As you can see there is a profound difference in the speeds reached between the two heights. Again this shows the higher the ramp the faster the trolley will go.
This is a height from the graph to prove the theory further. I have chose 40cm as you can see it has been proved.
Look On Graph
40cm = 2.26 m/s
Here is the calculation for 40cm
h = 40.0cm
g = 10 m/s2
V = √(2gh)
V = √(2x10x0.4)
V = 2.83 m/s
As you can see 40cm gives you 2.83 m/s, however on the graph the answer was 2.26. The difference in the two answers is due to wasted energy like friction, which is built up on the ramp. This building up of friction would of made the trolley move slower therefore would not of reached its full potential which is around 2.83 m/s.
The results differ to the actual experiment because the calculator does not account for the wasted energy e.g. friction on the ramp.
Evaluation:
The experiment was quite reliable it was very accurate therefore it gave a good conclusion. The graph did not produce any anomalies and produced a strong correlation, making the experiment more reliable.
The accuracy of the equipment was pretty good. The light gate measured to the nearest 100th of a second so there was nothing to really improve on that. The clamp stands had a limitation of the height it was able to reach it could only get to 65cm also the clamp stands tended to slip a bit so we could not get a completely accurate result.
To improve the clamp stands you could make a bugger one to get a larger set or results, as the ramp would able to become higher. Also they could have the same grip as a pair of pliers instead of a screw. Pliers are meant to hold on to things therefore they would work well on a clamp stand; here is a diagram to help explain.

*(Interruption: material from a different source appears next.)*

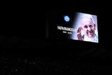 Coppa Italia Frecciarossa 2024-2025 Milano 23 Aprile 2025 (Stadio Giuseppe Meazza) Nella foto il ricordo di Papa Francesco ©ANDREA ROSITO -AGENZIA ALDO LIVERANI SAS -INTER - MILAN Coppa Italia Frecciarossa semifinale gara di ritorno 23.04.2025

The trolleys were all right at accuracy but they had a couple of downfalls. The wheels on them were not perfectly smooth this produced friction, also the case of the trolley sometimes dragged along the floor causing more friction. To improve this you could smoothen the wheels with glass paper and you could cur off the bit of the case that was scraping along. The ramps were not very accurate as used a wooden one with dints and cracks in it, this was causing friction for the trolley and sometimes putting the trolley off track if the light gate. To improve this problem you could sand the ramp down producing a much smoother surface or you could use a metal ramp this would not be as prone to dints as wood as its a lot stronger.
The experiment is reproducible, you can see it is by looking at these results for 60cm and 35cm.

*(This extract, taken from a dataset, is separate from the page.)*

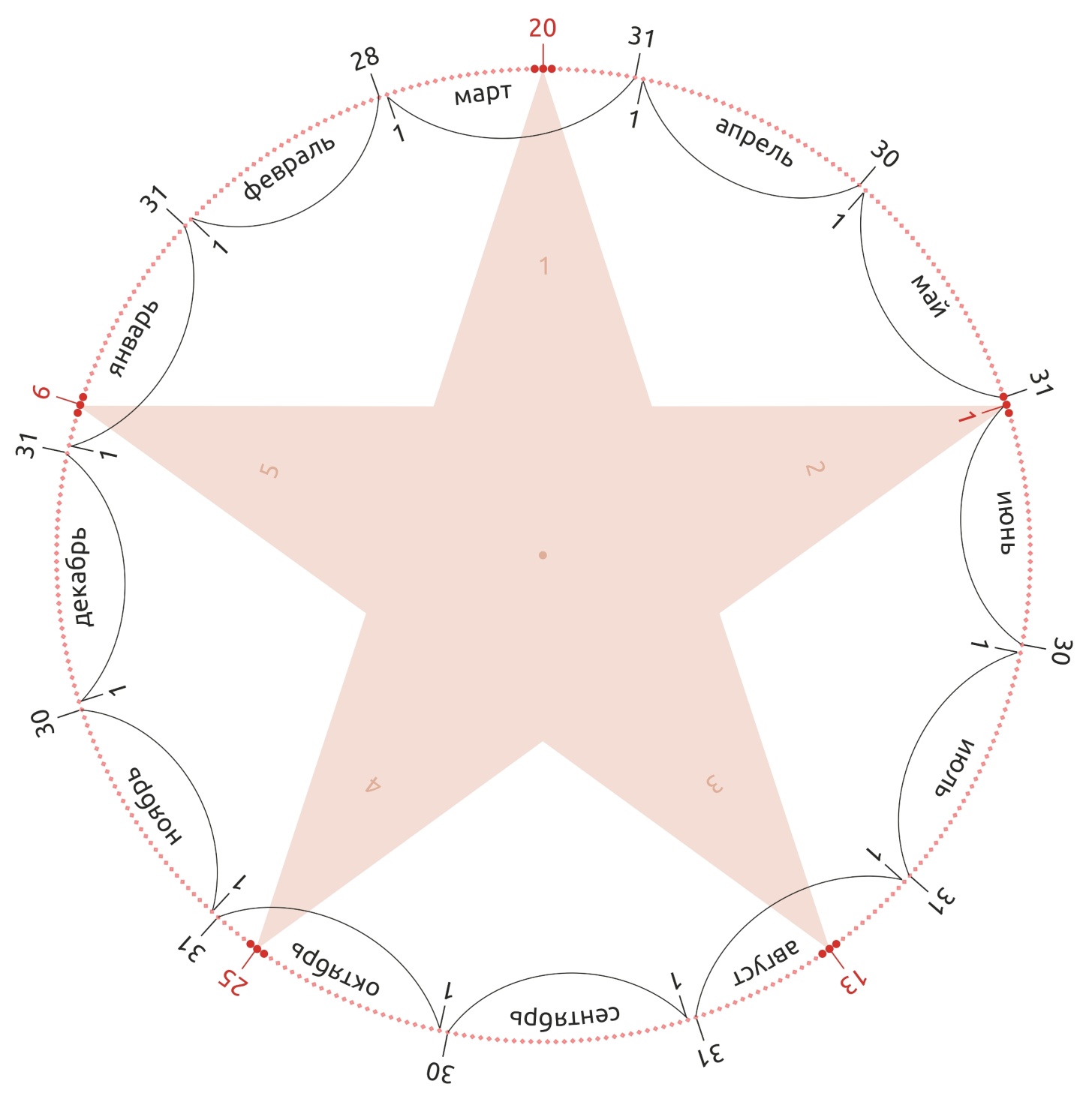Дополнительно отметим ещё несколько моментов. Даты проведения ритуалов по пятиконечной Звезде Ярилы:

Also we got a good set of results which gave a good conclusion. Using a height and calculating the result and comparing it to the same height on my graph can prove this:
Calculation for 15cm
h = 15.0cm
g = 10 m/s2
V = √(2gh)
V = √(2x10x0.15)
V = 1.73 m/s
Reading from graph for 15cm:
1.26 m/s
As you can see the readings are not exact but they are similar, the reason why they are not the sane is because the calculator does not account for friction or other wasted energy.